Journalist for Life

Driving in Ireland: round and round

The lesson to know before hand: You CAN get there from here, but more slowly.

Ireland has about 54,000 miles of paved road, but less than 100 are classified as highway. Most of the rest is two-lane, rural roads and on these you are bound to find yourself behind tractors or large trucks.

So remember that you can’t go anywhere quickly. Distances on road maps do not equate with the sort of driving times learned in the United States.

The Irish Republic’s traffic engineers are more than just fond of roundabouts — what we call traffic circles. They seem to be more frequent than gas stations. When approaching a roundabout, learn to slow down, always yield to the traffic coming from your right, point the hood ornament to where you need to go and accelerate.

Of course, actually understanding where you need to go is another matter:

Any time you approach a roundabout, or an intersection from which you may need to turn, swallow your Interstate pride, slow down or pull off — on the left side of the road — to decipher the basic roundabout sign. This is a whole or partial circle – the “round’’ – with spokes projecting to the outside. Those are your choices of exits from the roundabout.

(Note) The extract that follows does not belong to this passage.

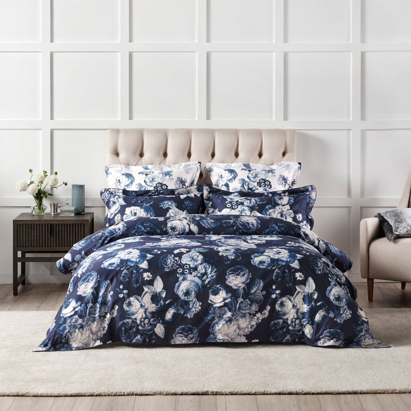 Grace by Linen House Jardin Navy Queen Bed Quilt Cover Set features archival florals in a refined palette of tonal blues on a white ground. This quilt cover set is a magnificent addition to your master bedroom. Printed on luxe cotton sateen to allow superior attention to detail, the set is trimmed with cord piping and features a navy reverse. Accessorise this look with its coordinating European pillowcases and cushions.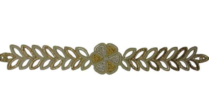 Aplique de Cintura con Corona de Laurel Dorada, Trabajo de Cordón Bordado con Enredadera Dorada de Ninfa, Kamarbandh

The spokes will at least be labeled with road numbers, possibly also road names. You must know which of these you want to turn left on before entering the roundabout. Then you simply assert your right to whatever lanes you need within the roundabout to reach that exit spoke, use your turn signal and leave quickly.

If the confounding signs or traffic cause you to miss your exit, remember these solutions:

/ If you are still in the roundabout, you will be circling toward your preferred exit again, so this time prepare to leave.

/ And if you have already taken an incorrect exit, realize there almost certainly is another roundabout a few miles down the road. Enter that one and circle all the way through, until you can exit back toward the direction that brought you to this second roundabout. Then, understand in advance of the upcoming roundabout which is your correct exit and when you will need to be in the left-most lane to use it.

It takes some getting used to — just as you have to remember to look to the right when leaving a parking lot.